— Supplied material —

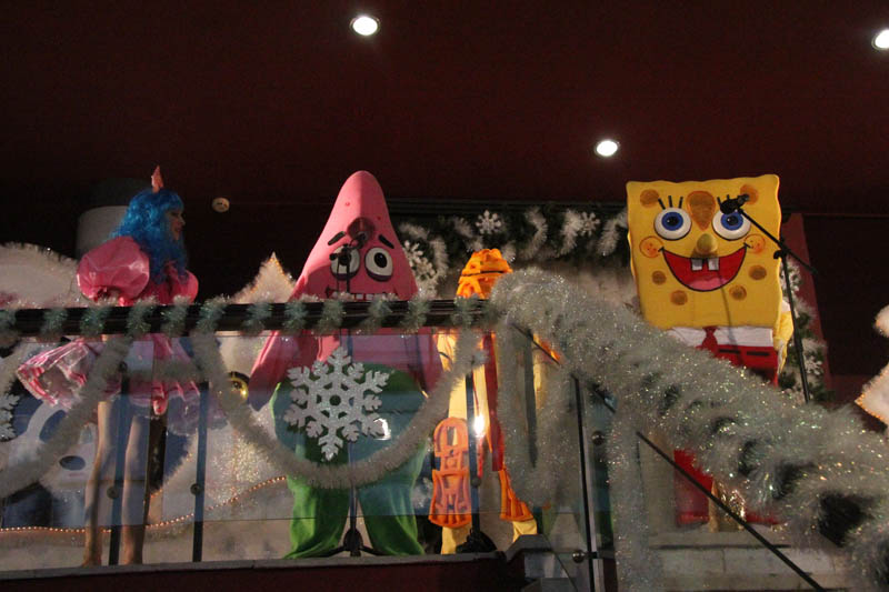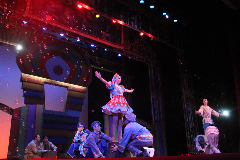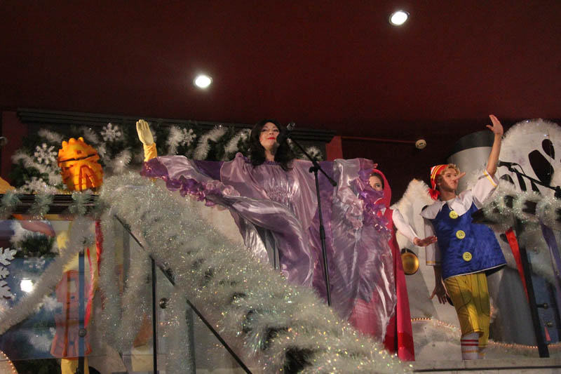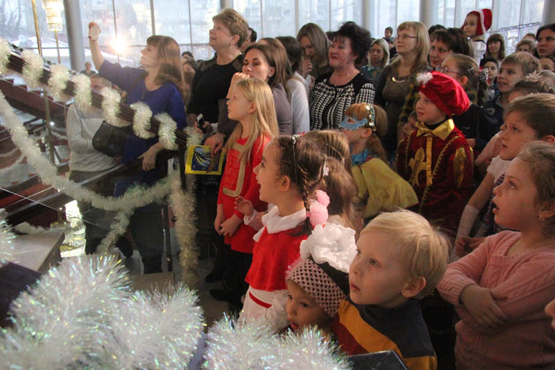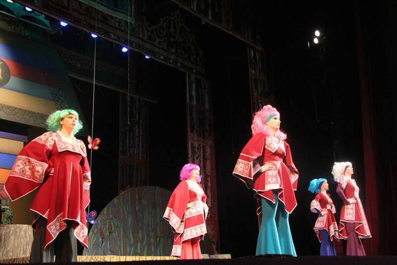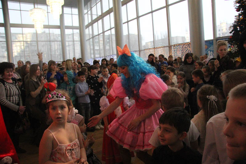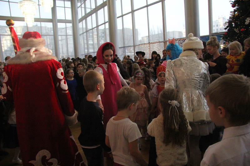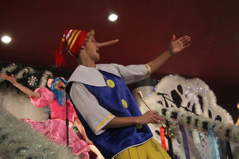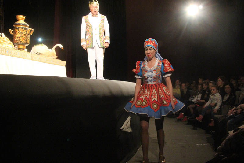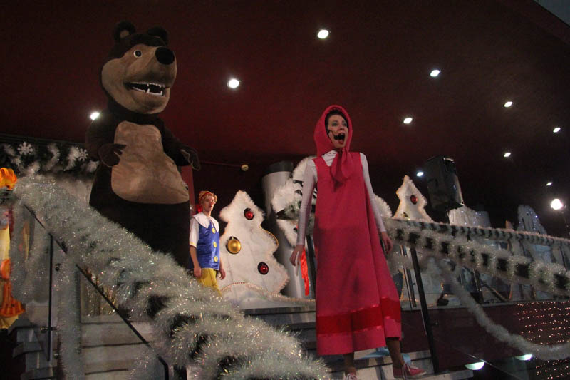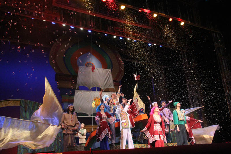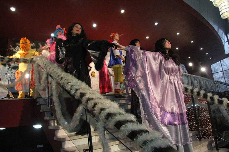 Перед спектаклем, как всегда, в фойе театра для детей была рассказана история, в которой мультяшные персонажи спасали Деда Мороза и Снегурочку. Губка Боб, Буратино и Мальвина, Маша и Медведь помогали ребятам разгадать загадки, вместе с ними пели и танцевали, а когда долгожданные огоньки зажглись на елке – организовали хоровод. Так интермедия подготовила маленьких зрителей к спектаклю по русской народной сказке «Летучий корабль», больше знакомой и взрослым, и детям по мультфильму Гарри Бардина.
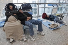 واضطر مئات المسافرين الى قضاء الليل في اغب مطارات اوروبا بسبب عدم قيام الرحلات التي كان مقررا ان يسافروا عليها.
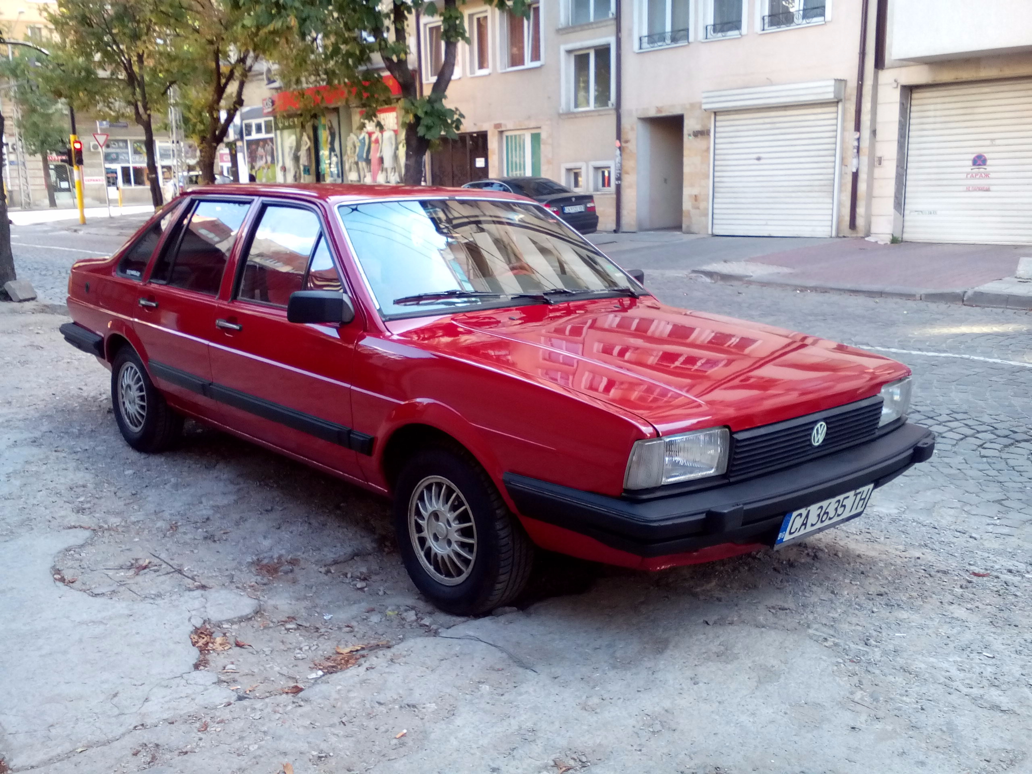 Супер е колата и цвета е добър ! Много рядко се срещат вече Сантана на пътя . Колега , като боядисва колата , защо не премести зареждачката на газта от задния калник ?

— Work required —
The response must match the listing exactly, except that pictures are removed.

— Solution for this exercise —
 Перед спектаклем, как всегда, в фойе театра для детей была рассказана история, в которой мультяшные персонажи спасали Деда Мороза и Снегурочку. Губка Боб, Буратино и Мальвина, Маша и Медведь помогали ребятам разгадать загадки, вместе с ними пели и танцевали, а когда долгожданные огоньки зажглись на елке – организовали хоровод. Так интермедия подготовила маленьких зрителей к спектаклю по русской народной сказке «Летучий корабль», больше знакомой и взрослым, и детям по мультфильму Гарри Бардина.
 واضطر مئات المسافرين الى قضاء الليل في اغب مطارات اوروبا بسبب عدم قيام الرحلات التي كان مقررا ان يسافروا عليها.
 Супер е колата и цвета е добър ! Много рядко се срещат вече Сантана на пътя . Колега , като боядисва колата , защо не премести зареждачката на газта от задния калник ?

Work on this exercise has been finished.